I have an affinity for loot, money, the dollar bill. But slowly I am loosing that affinity for it is not able to buy as much as it used too. Frankly I am afraid for if it keeps loosing its ability to get me the things I want, or if I have to use more of them to get what I want, then I speculate we will miss no longer being on a gold standard. I could go back to the Romans, or Hungary or even Serbia to explain what I see from what I know has happened in the past, but I wont. But I will say that what we are experiencing is eerily similar to what happened in Germany before the rise of Hitler and even more recently what has been going on in Zimbabwe. Zimbabwe is the first country in the 21st century that I know of to suffer from hyperinflation. On one extreme, which is extreme, we may find ourselves in the same position of Zimbabwe with respect to their hyperinflation. True, we aint taking land back from white farmers and giving to poor folks who don’t know how to run large farms and end up mismanaging them. But Obama is dead set on this redistribution of wealth as was (is) Mugabe. In Zimbabwe (a place I have been and surprisingly makes great wine also) put so much into spending on printing loot. Why, because the demand for cash was so great. Here, just like there, the depreciation of assets is way greater than investment, which led the to import capital from abroad.

This is very scary for a few reason, namely because they had to replace the Zimbabwe dollar with a foreign currency that was fully backed by a foreign reserve currency freely convertible at a fixed rate on demand. It was so bad there that commercial banks maybe in a position to issue their own private notes without government regulation (as was the case here before the civil war prior to Lincoln issuing the Greenback).

The Germany situation is a lot more closer because the devaluation of the Mark they suffered was the result of waging a war they loss (can you say Afghanistan and Iraq). After WW 1, Germany had to make reparation payment as well as keep its industrial economy running.

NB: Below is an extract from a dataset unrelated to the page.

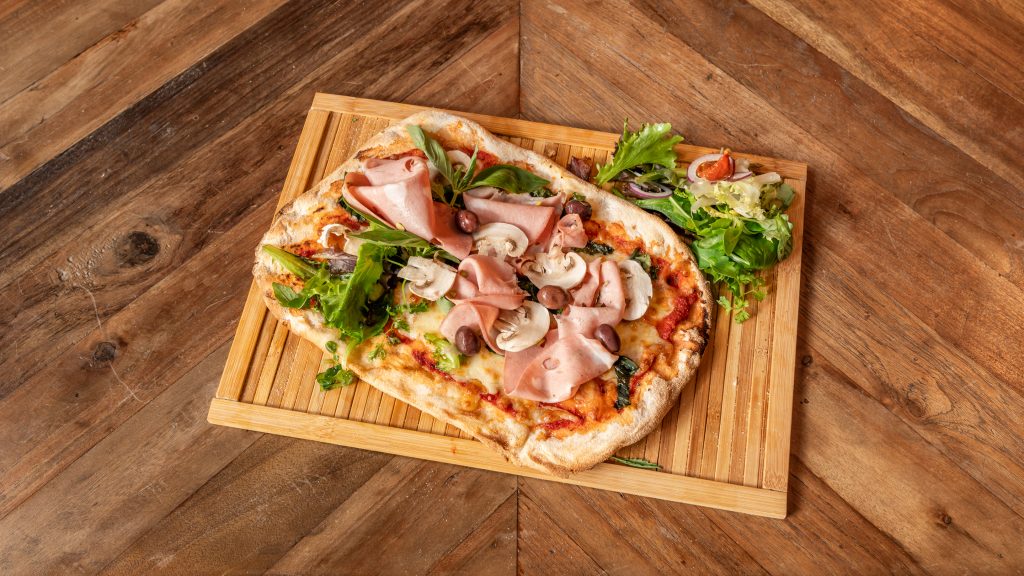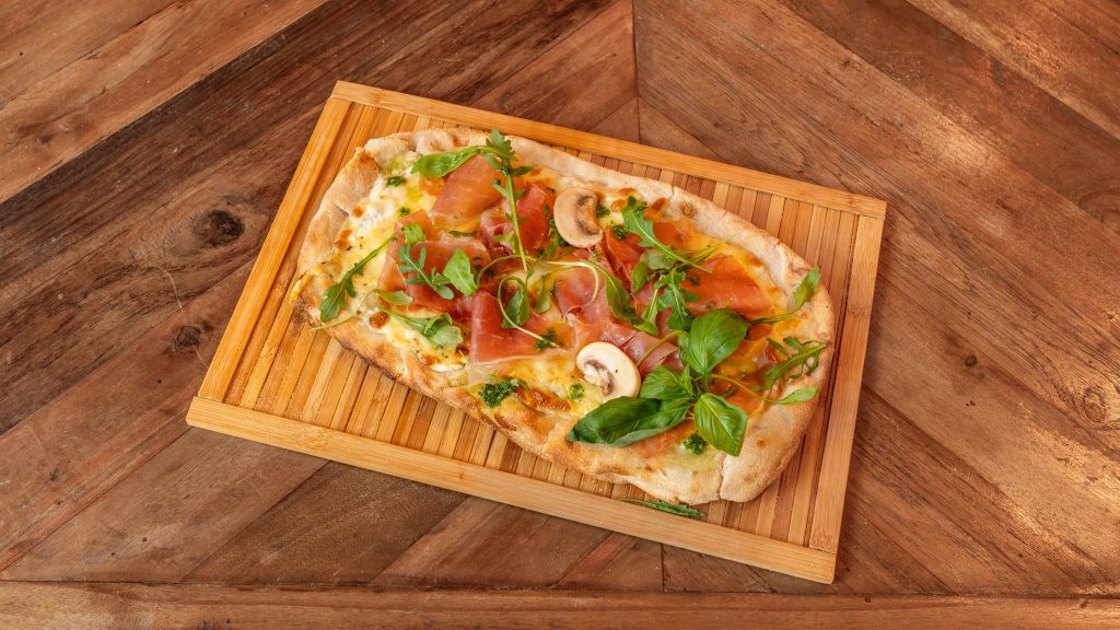 Mozzarella Fior di Latte, champignons de Paris, Jambon Rostello, basilic frais et huile d’olive extra-vierge DOP.
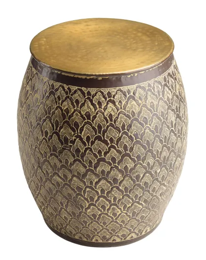 Table d'appoint motifs Honora marron antique - D.40xH.46 cm

Problem was that they were no longer on the gold standard. When mark lost value, corporations cut jobs, paid workers less and produced cheaper goods for exports. This is especially true when there is in an economic crisis or a war, the pressure to inflate becomes overwhelming.

Now I don’t THINK we are or will be experiencing hyperinflation. But I do several things I have observed now and before in history. One, that as in Germany, retailers shelves are not selling and are not as stocked as before the recession, meaning its hard for us to make a profit. Two, I see more empty commercial real-estate. Three, the government has no adequate income thus I think will be forced to raise taxes (which they will not collect given the present climate and will have to print more money or worse borrow more abroad).

In essence our government will monetize debt. I mean what else can you do when we build a big azz deficit. All the Federal Reserve does is buys bonds trying to stabilize the market, which means they just printing loot on the invisible security of these bonds. If history teaches anything, it is that government cant be trusted to manage loot as this clock shows with respect to the US. When currency is not redeemable in gold, its value depends entirely on the judgment and the conscience of the politicians. All money is a matter of belief and the Obama administration shows a willingness to tolerate a weaker currency in an effort to boost exports and the economy as long as it doesn’t drive away the nation’s creditors. Problem is that world wide folks getting rid of dollars with the quickness. Even here in the states. Banks are increasing foreign currency holdings and since 1999, holdings in US Dollars have dropped from 63 percent in 1999 to 37 percent currently. Yep, the dollar is almost worthless, but why shouldn’t it be, after all its just paper and ink.